Beragam Produk Warga Binaan Lapas Mojokerto Ditampilkan Dalam Bazar Ramadan

Beragam Produk Warga Binaan Lapas Mojokerto Ditampilkan Dalam Bazar Ramadan

Bazar Ramadan menampilkan produk WBP di Lapas Kelas IIB Mojokerto. -Foto : dok. Lapas Kelas IIB Mojokerto-

Mojokerto, Diswaymojokerto.id - Selama bulan suci Ramadan, Lembaga pemasyarakatan (Lapas) Kelas IIB Mojokerto menggelar bazar Ramadan. Kegiatan tersebut menghadirkan beragam produk karya warga binaan. 
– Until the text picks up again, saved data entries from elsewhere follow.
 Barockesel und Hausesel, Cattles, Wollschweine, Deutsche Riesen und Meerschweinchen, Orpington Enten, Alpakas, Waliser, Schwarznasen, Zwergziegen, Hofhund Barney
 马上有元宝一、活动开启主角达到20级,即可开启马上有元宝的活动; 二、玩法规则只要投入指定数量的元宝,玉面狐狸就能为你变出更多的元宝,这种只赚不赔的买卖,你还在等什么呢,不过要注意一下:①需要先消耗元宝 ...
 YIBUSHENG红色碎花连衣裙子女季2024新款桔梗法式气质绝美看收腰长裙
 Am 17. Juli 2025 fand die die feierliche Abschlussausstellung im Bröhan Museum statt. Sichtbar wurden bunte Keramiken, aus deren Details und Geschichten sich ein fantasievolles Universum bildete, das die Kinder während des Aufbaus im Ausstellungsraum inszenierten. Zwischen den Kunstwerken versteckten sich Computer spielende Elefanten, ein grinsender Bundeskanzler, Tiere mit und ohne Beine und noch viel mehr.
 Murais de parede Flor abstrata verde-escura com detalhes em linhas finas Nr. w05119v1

Produk warga binaan yang dihadirkan beraneka ragam mulai dari makanan, minuman, hingga  kerajinan tangan. Suasana semakin semarak dengan adanya live musik yang menghibur, menciptakan nuansa Ramadan yang hangat dan penuh kebersamaan di dalam lingkungan lapas.

Berbagai menu takjil dan gorengan turut dijajakan dalam bazar tersebut, menjadi daya tarik tersendiri menjelang waktu berbuka puasa. Antusiasme tampak dari para pegawai dan warga binaan yang berpartisipasi dengan tertib dan penuh semangat.
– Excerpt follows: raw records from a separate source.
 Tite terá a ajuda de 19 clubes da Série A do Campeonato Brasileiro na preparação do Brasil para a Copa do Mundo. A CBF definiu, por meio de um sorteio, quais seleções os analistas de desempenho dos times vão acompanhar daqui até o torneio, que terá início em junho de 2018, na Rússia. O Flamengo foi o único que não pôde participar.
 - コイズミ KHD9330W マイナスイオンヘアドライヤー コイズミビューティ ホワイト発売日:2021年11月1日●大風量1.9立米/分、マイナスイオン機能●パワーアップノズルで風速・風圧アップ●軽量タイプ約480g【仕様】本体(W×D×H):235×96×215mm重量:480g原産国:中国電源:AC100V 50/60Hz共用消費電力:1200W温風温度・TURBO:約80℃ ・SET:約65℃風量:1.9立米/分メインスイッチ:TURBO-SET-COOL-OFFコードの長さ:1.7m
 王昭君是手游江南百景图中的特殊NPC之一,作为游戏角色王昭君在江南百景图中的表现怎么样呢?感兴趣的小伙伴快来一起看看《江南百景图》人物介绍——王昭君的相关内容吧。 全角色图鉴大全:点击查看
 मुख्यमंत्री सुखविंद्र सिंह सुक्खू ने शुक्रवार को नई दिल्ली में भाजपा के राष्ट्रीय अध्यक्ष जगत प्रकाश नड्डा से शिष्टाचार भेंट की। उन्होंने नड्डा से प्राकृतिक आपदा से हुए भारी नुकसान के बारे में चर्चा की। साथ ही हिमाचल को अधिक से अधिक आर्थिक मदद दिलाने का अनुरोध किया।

Kepala Lapas Kelas IIB Mojokerto, Rudi Kristiawan mengatakan, bazar Ramadan menjadi bagian dari komitmen dalam mendukung program pemerintah sekaligus mendorong produktivitas warga binaan. 
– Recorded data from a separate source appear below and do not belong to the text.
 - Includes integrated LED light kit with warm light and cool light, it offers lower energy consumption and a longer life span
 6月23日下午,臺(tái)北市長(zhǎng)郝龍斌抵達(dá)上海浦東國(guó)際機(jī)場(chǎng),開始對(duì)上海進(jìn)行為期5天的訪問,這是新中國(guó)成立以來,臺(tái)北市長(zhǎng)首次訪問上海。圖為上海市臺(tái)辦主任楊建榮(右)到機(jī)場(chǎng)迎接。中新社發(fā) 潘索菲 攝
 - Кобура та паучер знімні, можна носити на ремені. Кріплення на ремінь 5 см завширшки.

Beragam Produk Warga Binaan Lapas Mojokerto Ditampilkan Dalam Bazar Ramadan-Foto : dok. Lapas Kelas IIB Mojokerto-

“Bazar ini menjadi wadah bagi warga binaan untuk belajar memasarkan produk, melatih kepercayaan diri, dan menumbuhkan jiwa kewirausahaan,” ujarnya, Senin, 23 Februari 2026. 

Ia menambahkan, pembinaan kemandirian harus memberikan manfaat berkelanjutan. “Kami berharap keterampilan yang diasah selama di dalam lapas dapat menjadi bekal saat mereka kembali ke masyarakat,” tegasnya.

Salah satu Warga Binaan mengaku bangga dapat terlibat dalam kegiatan tersebut. “Kami senang bisa ikut berjualan dan menampilkan hasil karya sendiri. Adanya live musik juga membuat suasana lebih semangat dan kebersamaan terasa kuat,” pungkasnya. 

BACA JUGA:Simposium Pelajar Harlah ke-72 IPNU dan ke-71 IPPNU, Tegaskan Peran Pelajar NU sebagai Kompas Peradaban

BACA JUGA:Tembok Penahan Tanah Ambrol di Pacet Mojokerto Akibat Hujan Deras, Material Longsor Tutupi Sungai

Kegiatan ini sejalan dengan 15 Program Aksi Kemenimipas, khususnya pada poin 10 yaitu pemasaran produk hasil karya Warga Binaan melalui koperasi dan Usaha Mikro, Kecil, dan Menengah (UMKM). Melalui bazar ini, hasil pembinaan kemandirian tidak hanya menjadi sarana pelatihan, tetapi juga memiliki nilai ekonomi yang nyata.